TASK OBJECTIVE: Everything from the line containing "Miniatore lombardo (1450" through the final line of the entries, both included, should be copied exactly and with nothing else; please skip pictures.

===== DATA RECORDS =====

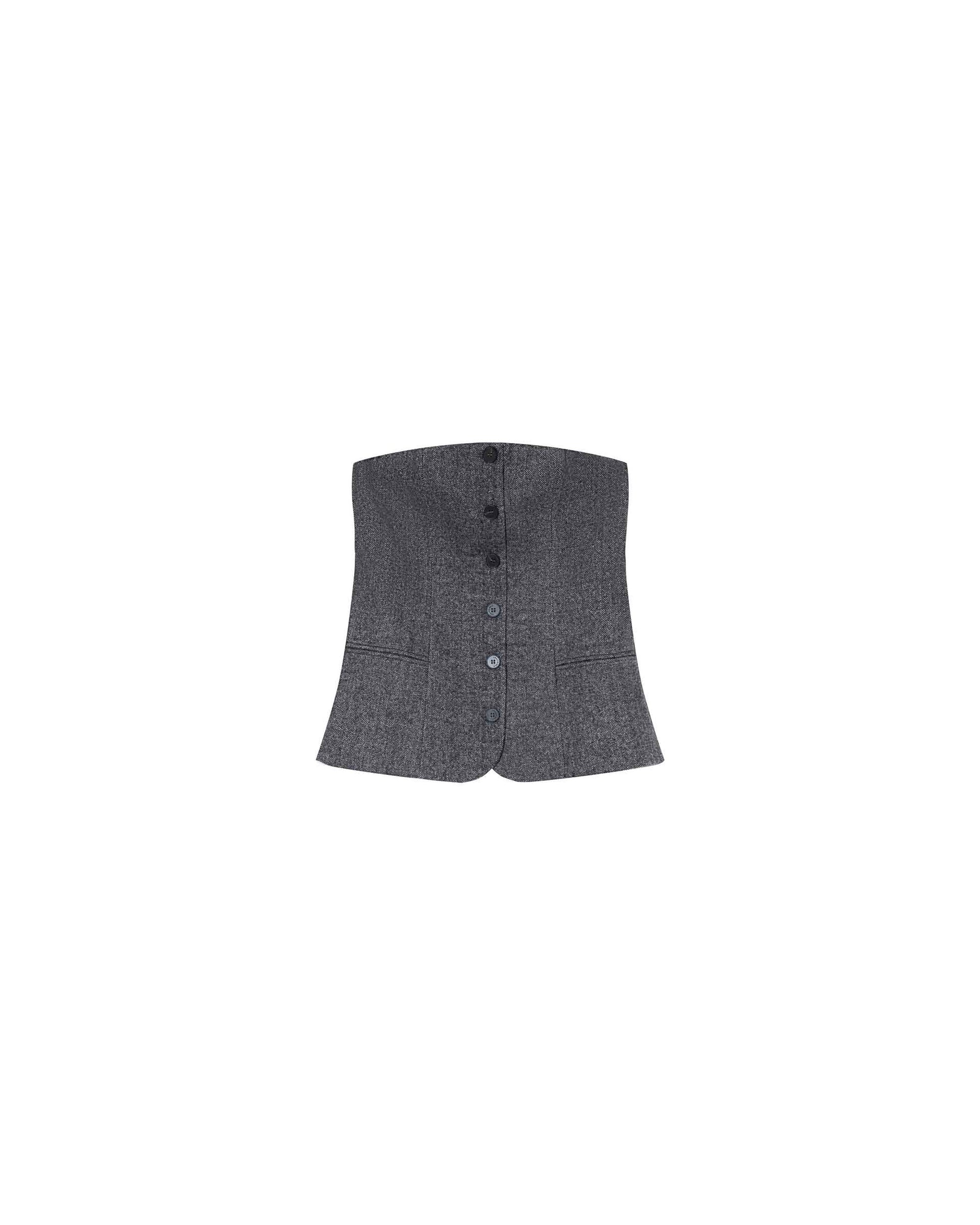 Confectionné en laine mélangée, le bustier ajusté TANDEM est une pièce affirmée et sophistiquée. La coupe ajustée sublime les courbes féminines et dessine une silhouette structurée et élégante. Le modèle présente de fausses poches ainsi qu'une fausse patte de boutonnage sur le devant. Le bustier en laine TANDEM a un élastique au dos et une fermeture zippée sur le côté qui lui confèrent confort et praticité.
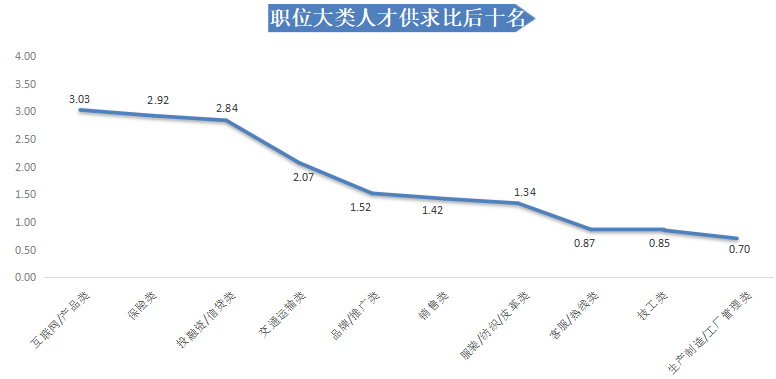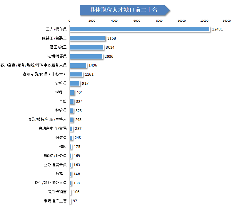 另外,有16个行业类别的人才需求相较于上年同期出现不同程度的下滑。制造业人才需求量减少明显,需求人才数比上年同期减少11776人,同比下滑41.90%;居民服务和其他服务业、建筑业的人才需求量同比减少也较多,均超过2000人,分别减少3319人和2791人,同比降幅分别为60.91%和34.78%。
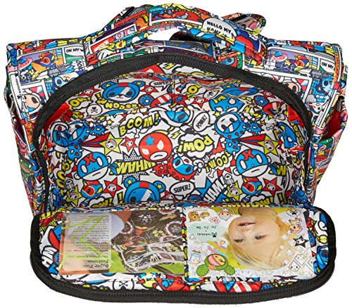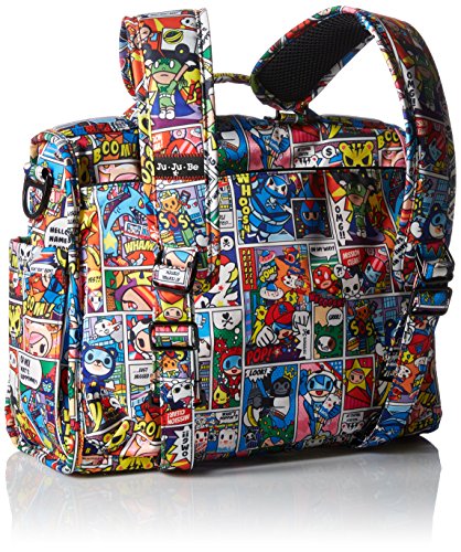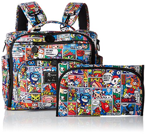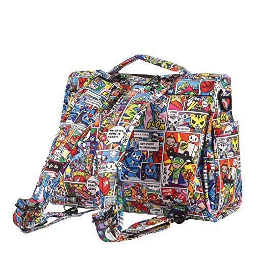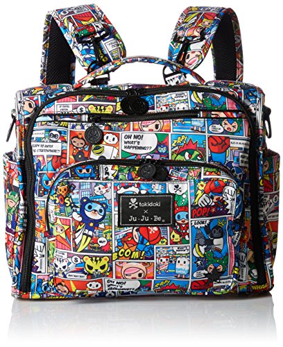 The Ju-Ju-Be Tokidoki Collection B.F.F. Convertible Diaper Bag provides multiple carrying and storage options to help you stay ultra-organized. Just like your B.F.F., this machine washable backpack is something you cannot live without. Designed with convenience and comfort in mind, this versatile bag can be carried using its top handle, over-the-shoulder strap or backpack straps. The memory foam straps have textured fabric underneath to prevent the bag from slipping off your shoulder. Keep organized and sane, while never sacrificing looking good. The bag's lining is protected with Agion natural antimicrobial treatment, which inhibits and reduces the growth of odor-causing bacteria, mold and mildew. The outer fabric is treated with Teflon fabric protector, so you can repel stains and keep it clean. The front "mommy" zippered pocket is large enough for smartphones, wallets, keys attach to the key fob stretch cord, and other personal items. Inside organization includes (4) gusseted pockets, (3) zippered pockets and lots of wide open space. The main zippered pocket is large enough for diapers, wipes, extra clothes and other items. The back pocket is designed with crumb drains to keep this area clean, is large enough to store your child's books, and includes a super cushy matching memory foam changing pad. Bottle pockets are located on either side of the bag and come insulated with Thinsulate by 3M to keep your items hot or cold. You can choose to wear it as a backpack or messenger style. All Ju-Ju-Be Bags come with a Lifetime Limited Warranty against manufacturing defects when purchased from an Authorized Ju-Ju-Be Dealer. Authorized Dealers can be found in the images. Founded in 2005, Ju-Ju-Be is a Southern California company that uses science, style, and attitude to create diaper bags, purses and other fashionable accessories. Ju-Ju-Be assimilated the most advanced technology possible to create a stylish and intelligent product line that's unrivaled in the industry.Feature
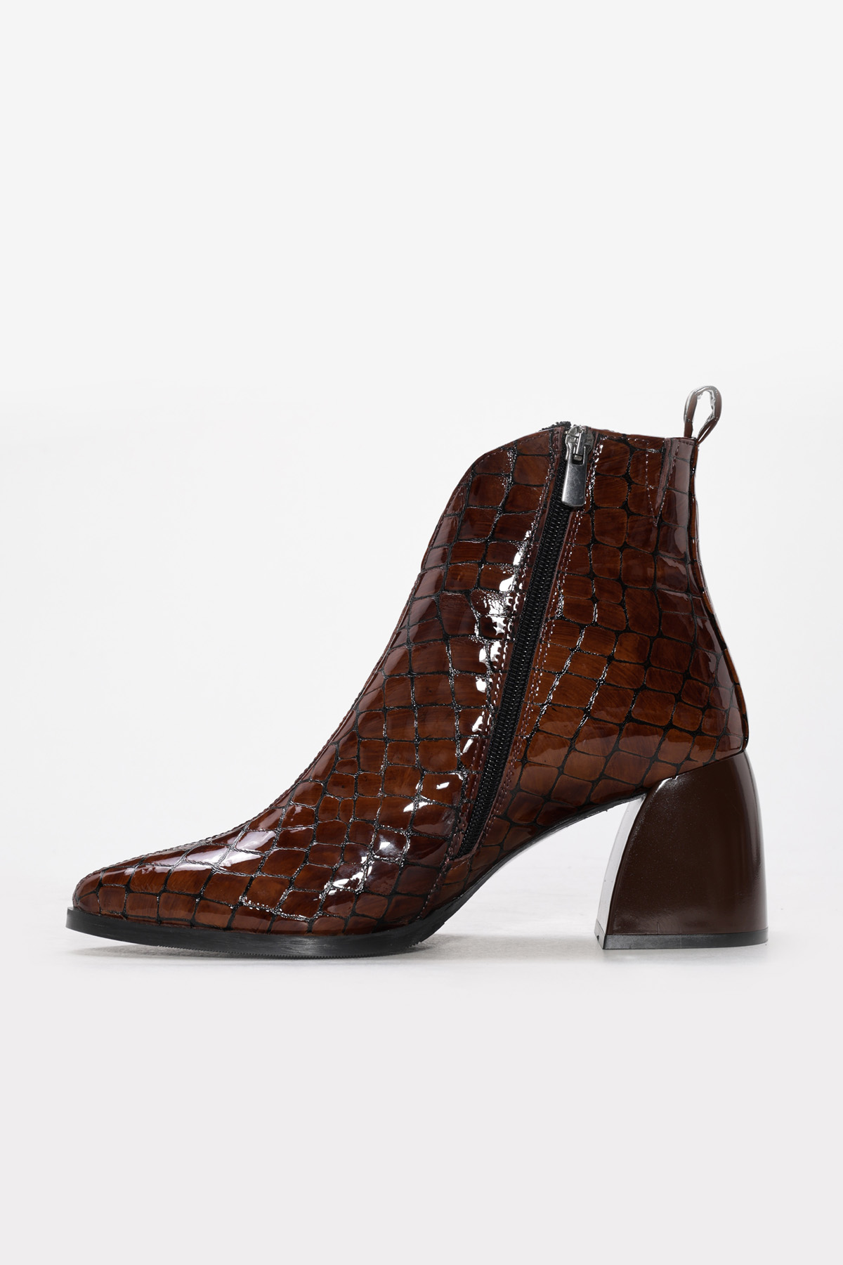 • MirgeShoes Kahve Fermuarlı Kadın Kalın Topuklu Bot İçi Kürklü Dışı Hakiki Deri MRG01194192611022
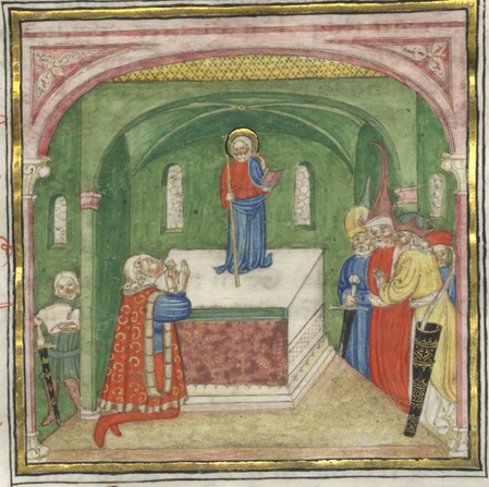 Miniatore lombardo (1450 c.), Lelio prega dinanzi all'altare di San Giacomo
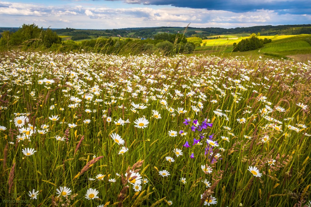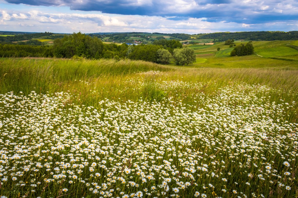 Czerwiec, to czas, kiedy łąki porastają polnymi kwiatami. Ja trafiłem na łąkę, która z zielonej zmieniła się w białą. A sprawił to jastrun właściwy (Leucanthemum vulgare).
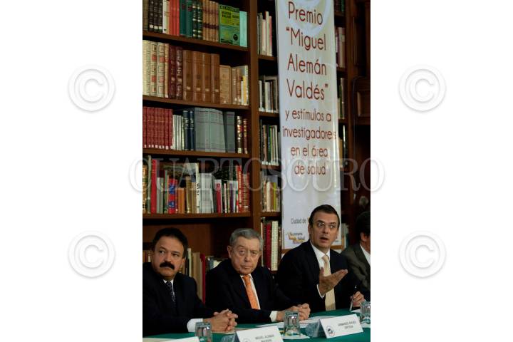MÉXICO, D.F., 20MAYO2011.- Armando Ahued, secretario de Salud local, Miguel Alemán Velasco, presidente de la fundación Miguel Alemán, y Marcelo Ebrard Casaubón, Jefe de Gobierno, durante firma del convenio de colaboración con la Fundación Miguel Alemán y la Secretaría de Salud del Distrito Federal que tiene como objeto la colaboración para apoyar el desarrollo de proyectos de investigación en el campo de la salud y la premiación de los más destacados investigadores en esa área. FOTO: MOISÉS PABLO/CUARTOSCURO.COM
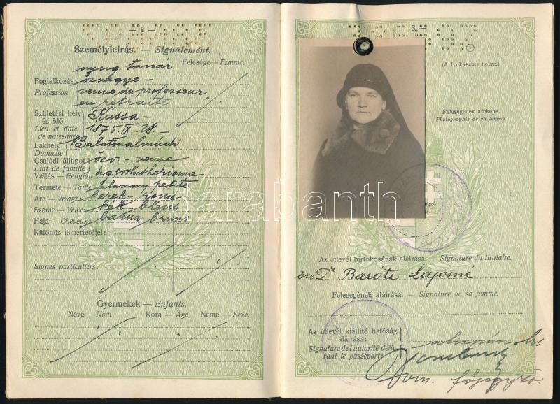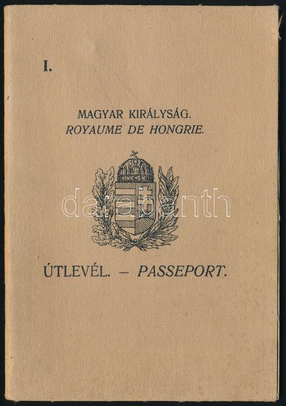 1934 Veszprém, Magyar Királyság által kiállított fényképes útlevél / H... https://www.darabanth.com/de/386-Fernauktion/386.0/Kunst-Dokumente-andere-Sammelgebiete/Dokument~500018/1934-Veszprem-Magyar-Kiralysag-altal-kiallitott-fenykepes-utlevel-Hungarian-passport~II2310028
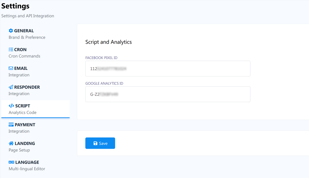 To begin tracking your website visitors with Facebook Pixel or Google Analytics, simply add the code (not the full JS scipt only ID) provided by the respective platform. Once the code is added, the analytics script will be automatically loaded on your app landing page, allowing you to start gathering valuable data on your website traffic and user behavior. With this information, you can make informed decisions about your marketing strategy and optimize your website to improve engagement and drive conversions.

=====

ANSWER TO THE PROBLEM:
 Miniatore lombardo (1450 c.), Lelio prega dinanzi all'altare di San Giacomo
 Czerwiec, to czas, kiedy łąki porastają polnymi kwiatami. Ja trafiłem na łąkę, która z zielonej zmieniła się w białą. A sprawił to jastrun właściwy (Leucanthemum vulgare).
MÉXICO, D.F., 20MAYO2011.- Armando Ahued, secretario de Salud local, Miguel Alemán Velasco, presidente de la fundación Miguel Alemán, y Marcelo Ebrard Casaubón, Jefe de Gobierno, durante firma del convenio de colaboración con la Fundación Miguel Alemán y la Secretaría de Salud del Distrito Federal que tiene como objeto la colaboración para apoyar el desarrollo de proyectos de investigación en el campo de la salud y la premiación de los más destacados investigadores en esa área. FOTO: MOISÉS PABLO/CUARTOSCURO.COM
 1934 Veszprém, Magyar Királyság által kiállított fényképes útlevél / H... https://www.darabanth.com/de/386-Fernauktion/386.0/Kunst-Dokumente-andere-Sammelgebiete/Dokument~500018/1934-Veszprem-Magyar-Kiralysag-altal-kiallitott-fenykepes-utlevel-Hungarian-passport~II2310028
 To begin tracking your website visitors with Facebook Pixel or Google Analytics, simply add the code (not the full JS scipt only ID) provided by the respective platform. Once the code is added, the analytics script will be automatically loaded on your app landing page, allowing you to start gathering valuable data on your website traffic and user behavior. With this information, you can make informed decisions about your marketing strategy and optimize your website to improve engagement and drive conversions.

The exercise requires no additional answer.